The speakers as well as polled audience members tended to agree the school district would be responsible in this scenario. Without a policy in place, the school will have a harder time establishing whether a student’s behavior constitutes plagiarism.
Cooksey emphasized the need for ongoing professional development, and Hunt said any districts that don’t have an official AI policy need steady pressure until they draft one.
“I am the squeaky wheel right now in my district, and I’m going to continue to be annoying about it, but I feel like we need to have something in place,” Hunt said.
- Scenario 6: Attempting to cause trouble, a student creates a deepfake of a teacher acting inappropriately. Administrators struggle to respond, they have no specific policy in place, and trust is shaken.
Again, the speakers said this is one more example to illustrate the importance of AI policies as well as AI literacy.
“We’re getting to this point where we need to be questioning so much of what we see, hear and read,” Hunt said.
- Scenario 7: A pilot program uses AI to provide instant feedback on student essays, but English language learners consistently get lower scores, leading teachers to worry the AI system can’t recognize code-switching or cultural context.
In response to this situation, Hunt said it’s important to know whether the parent has given their permission to enter student essays into an AI, and the teacher or librarian should still be reading the essays themselves.
Malespina and Cooksey both cautioned against relying on AI plagiarism detection tools.
“None of these tools can do a good enough job, and they are biased toward [English language learners],” Malespina said.
- Scenario 8: A school-approved AI system flags students who haven’t checked out any books recently, tracks their reading speed and completion patterns, and recommends interventions.
Malespina said she doesn’t want an AI tool tracking students in that much detail, and Cooksey pointed out that reading speed and completion patterns aren’t reliably indicative of anything that teachers need to know about students.
- Scenario 9: An AI tool translates texts, reads books aloud and simplifies complex texts for students with individualized education programs, but it doesn’t always translate nuance or tone.
Hunt said she sees benefit in this kind of application for students who need extra support, but she said the loss of tone could be an issue, and it raises questions about infringing on audiobook copyright laws.
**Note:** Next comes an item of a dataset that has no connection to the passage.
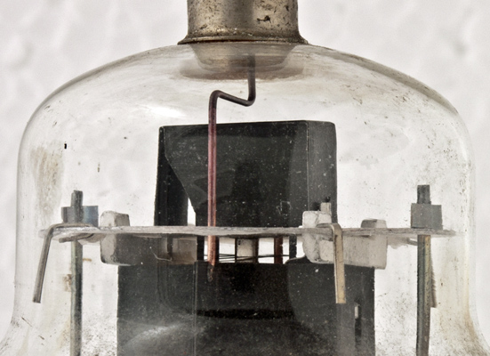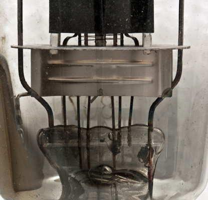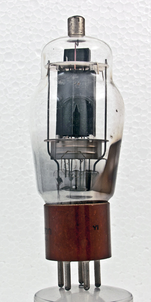 The anode connection to the top cap and the control grid heat radiator connected to the copper support rods.The classic envelope is 51 mm in diameter, and excluding the UX5 base pins is 126 mm tall.References: Data-sheet & 1040. Type 807 was first introduced in 1938. See also 1938 adverts. |

Cooksey expounded upon that.
“Additionally, copyright goes beyond the printed work. … That copyright owner also owns the presentation rights, the audio rights and anything like that,” she said. “So if they’re putting something into a generative AI tool that reads the PDF, that is technically a violation of copyright in that moment, because there are available tools for audio versions of books for this reason, and they’re widely available. Sora is great, and it’s free for educators. … But when you’re talking about taking something that belongs to someone else and generating a brand-new copied product of that, that’s not fair use.”